Darin heißt es unumwunden: "Wir verstehen, dass Russland Allseas eine gute Stange Geld bezahlt, um die Arbeiten an Nord Stream 2 fertigzustellen. Die Konsequenzen würden ihr Unternehmen allerdings zermalmen und hätten tödliche rechtliche und wirtschaftliche Folgen, wenn Sie auch nur einen Tag weiterarbeiten würden." Um zu verstehen, was genau damit gemeint ist, listen die beiden Senatoren alle Schiffe auf, die im Eigentum von "Allseas" stehen und weisen darauf hin, dass im Falle des Bruchs der Sanktionen "Ihre Schiffe unter US-Rechtsprechung fallen und zu eingefrorenem Vermögen würden". Und sie machen zeitlich enormen Druck: "Die Verbote werden unmittelbar schlagend, alle Sanktionen sind verpflichtend. Verbotene Aktivitäten sind mit dem Tag, an dem das Gesetz in Kraft tritt, exekutierbar. [...] Rechtsbrecher werden vom US-Markt ausgeschlossen und all ihr Eigentum wird für fünf Jahre blockiert [...] Wenn Sie gegen das Sanktionsgesetz verstoßen, fallen Ihre Schiffe unter die US-Rechtsprechung und werden eingefroren."

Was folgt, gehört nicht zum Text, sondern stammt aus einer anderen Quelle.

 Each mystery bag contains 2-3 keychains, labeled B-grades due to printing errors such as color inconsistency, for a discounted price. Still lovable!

Der Abschluss des Briefes liest sich wie eine üblicherweise mündlich vorgetragene Drohung im kriminellen Milieu, so wie Kiez-Ganoven einem zahlungsunwilligen Wirt erklären, dass er demnächst kein Wirtshaus mehr haben wird, wenn er nicht gehorcht. "Sie haben die Wahl", schreiben die beiden Senatoren an den Chef von "Allseas": "Hören Sie JETZT auf und verlassen Sie die Arbeit an der Pipeline unfertig [...] oder machen Sie den dummen Versuch, die Pipeline fertigzustellen, und riskieren für Ihr Unternehmen, dass es für immer vorbei mit dem Geschäft ist." Der Brief vom 18. Dezember trägt den Briefkopf des "United States Senate" und ging in Kopien an die Außen-, Finanz- und Energieminister der USA, Pompeo, Mnuchin und Brouillette. "Allseas" hat nur Stunden nach der Veröffentlichung dieses Briefes seine Arbeit eingestellt und das Verlegeschiff aus der Ostsee abgezogen.

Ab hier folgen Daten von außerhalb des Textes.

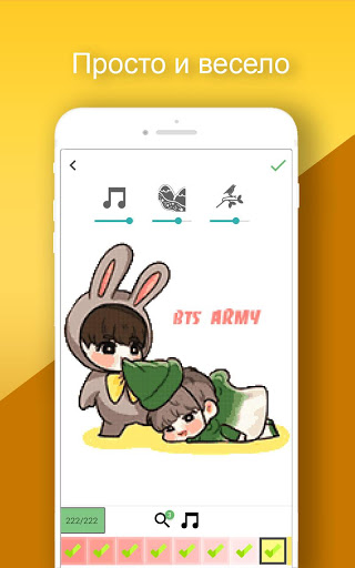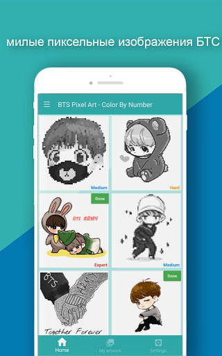 Раскрась красивые изображения звезд K-POP для любого возраста и семьи и почувствуй такие приятные, беззаботные моменты и будь креативным. Освободите своего внутреннего художника и поделитесь своим пиксельным искусством в песочнице со своей семьей и друзьями.

Bleibt anzumerken, dass Senator Ted Cruz, der Verfasser des Drohbriefes und des Sanktionsgesetzes, einer der bestbezahlen Lobbyisten für US-amerikanische Öl- und Gaskonzerne insbesondere in der Fracking-Industrie ist. Sein Berater Daniel Vajdich wurde vom ukrainischen Gasriesen Naftogaz mit der Aufgabe betraut, gegen Nord Stream 2 zu lobbyieren. Beide Senatoren, Cruz und Johnson, sind aktive Unterstützer der rechten Tea-Party-Bewegung.

Von Hannes Hofbauer ist zuletzt zum Thema erschienen: Feindbild Russland. Geschichte einer Dämonisierung. Promedia Verlag, Wien.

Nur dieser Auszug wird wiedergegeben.